Find the line with "В состав набора" in the records below. Copy it and every line after it, up to and including the line with "丈夫陈晓捷在农贸市场开展防疫人员排查工作".

[Dataset records]
=======

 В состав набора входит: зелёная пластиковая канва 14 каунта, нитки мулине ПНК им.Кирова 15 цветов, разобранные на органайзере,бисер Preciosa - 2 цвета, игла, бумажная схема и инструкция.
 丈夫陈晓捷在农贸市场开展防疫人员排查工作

=======

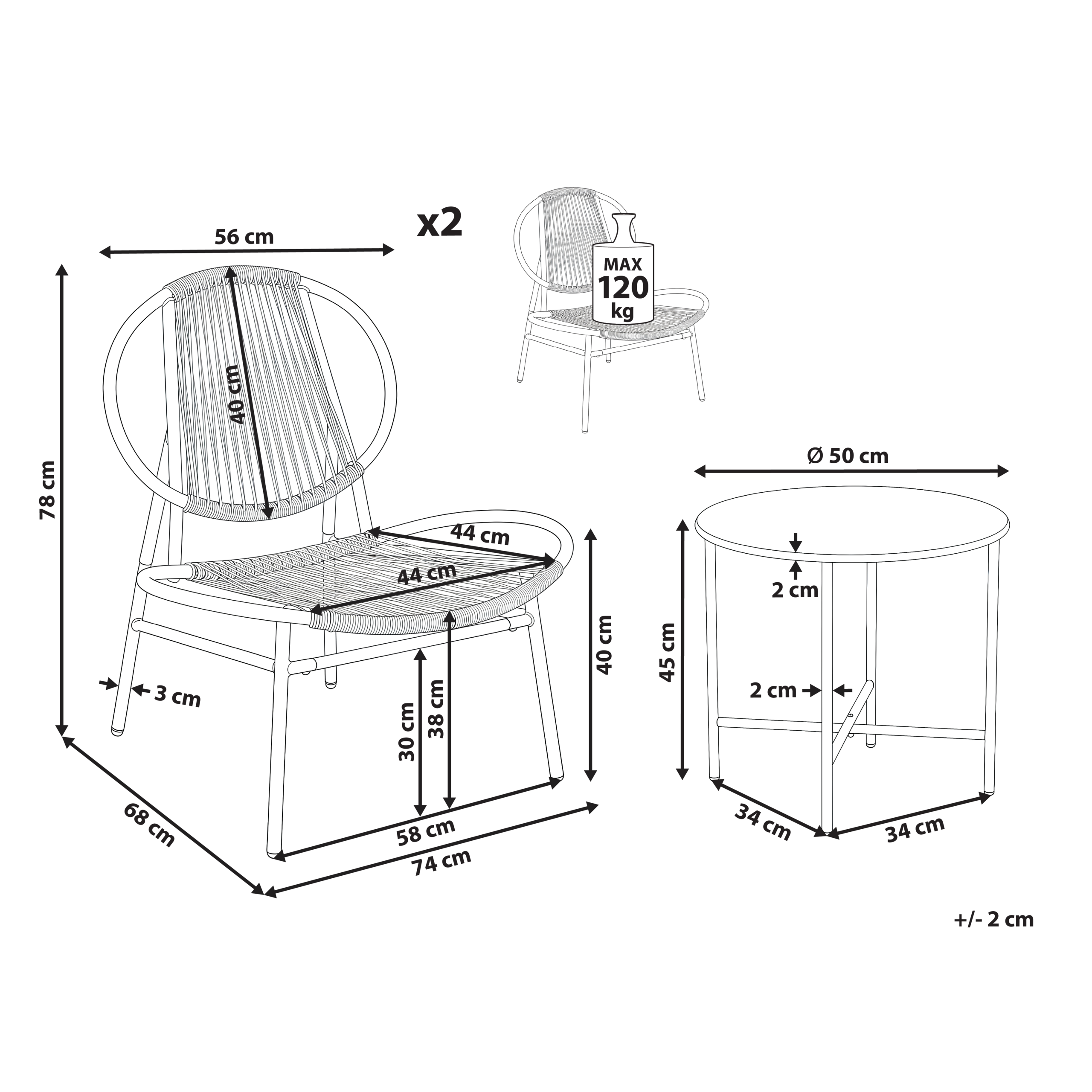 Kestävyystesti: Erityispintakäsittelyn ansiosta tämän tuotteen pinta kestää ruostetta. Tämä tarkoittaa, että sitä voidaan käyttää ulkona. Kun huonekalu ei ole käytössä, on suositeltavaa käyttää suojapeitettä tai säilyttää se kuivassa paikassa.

=======

[Solution to this exercise]
 В состав набора входит: зелёная пластиковая канва 14 каунта, нитки мулине ПНК им.Кирова 15 цветов, разобранные на органайзере,бисер Preciosa - 2 цвета, игла, бумажная схема и инструкция.
 丈夫陈晓捷在农贸市场开展防疫人员排查工作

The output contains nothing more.